Multistage Design, Replication, and Meta-Analysis of GWAS
Regardless of the method used to correct for multiple testing, one cannot be certain whether the discovered SNPs in one GWAS cohort are true associations or false positives, even with highly stringent methods such as the Bonferroni correction. Therefore, any putatively associated SNPs that were discovered on the first GWAS cohort must undergo further scrutiny. There are 3 methods in which this can be achieved: multistage design, replication, and meta-analysis.
In multistage design, candidate SNPs identified from the initial stage of GWAS dictate the search for association in the next stage. The search in the next stage is restricted to genomic regions that contain these candidate SNPs so that the search can employ higher density SNPs to hone in to the interested regions. The data from the initial and subsequent stages of the GWAS are then combined to form the result. The advantages of a multistage design is 3-fold: cost is reduced by genotyping a smaller number of subjects without having to examine the entire genome at later stages, mapping of interested regions in later stages on a finer scale, and using different genotyping platforms at different stages of the study avoid false-positive reports and any technical artifacts that are specific to one platform. 14 The use of different genotyping platforms at different stages of a multistage design and in replication studies is currently considered the gold standard.14,30
Replication of identified associations between SNPs and the phenotypic trait under examination is essential and is considered the gold standard in differentiating true associations from false-positive associations in GWAS.14,31,32 There are a number of approaches to replication. Some investigators will only carry forward a small number of candidate SNPs from the initial GWAS, selected by a stringent significant threshold, to the next replication cohort.

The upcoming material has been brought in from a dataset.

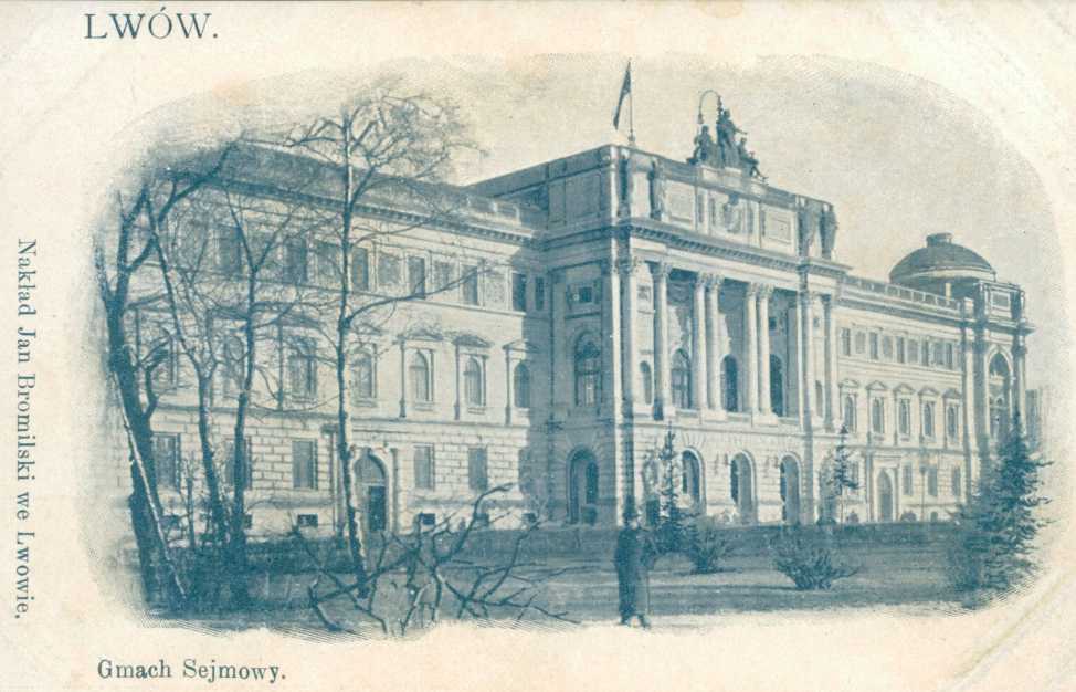 Поштівка: будинок сейму у Львові. – Lwów, gmach sejmowy. We Lwowie : nakład Jan Bromilski, [ante 1906] (pocztówka); 9 × 13 cm

Others will use a smaller cohort in the initial GWAS and then carry forward a larger number of candidate SNPs to the next replication study using a more lax significant threshold to minimize the risk of missing any false-negative associations. 31 Irrespective of the approach chosen, in order for a replication study to be considered valid, it should have (1) sufficient sample size to convincingly distinguish the proposed effect from no effect, (2) been conducted in independent data sets, (3) same or a very similar phenotype, (4) similar population, (5) similar magnitude of effect and significance in the same direction with the same SNP or an SNP in very high LD, (6) reporting of statistical significance should be derived from the same genetic model used in the initial study (7) a joint or combined analysis should lead to a smaller P value than the one observed in the initial study, (8) a strong rationale for selecting SNPs for replication, based on putative functional data or published literature, and (9) the same level of detail of study design and analysis as the initial study. 33 These criteria were established by the Working Group on Replication in Association Studies from the National Cancer Institute and the National Human Genome Research Institute as a way of standardizing the interpretation of results from replication studies.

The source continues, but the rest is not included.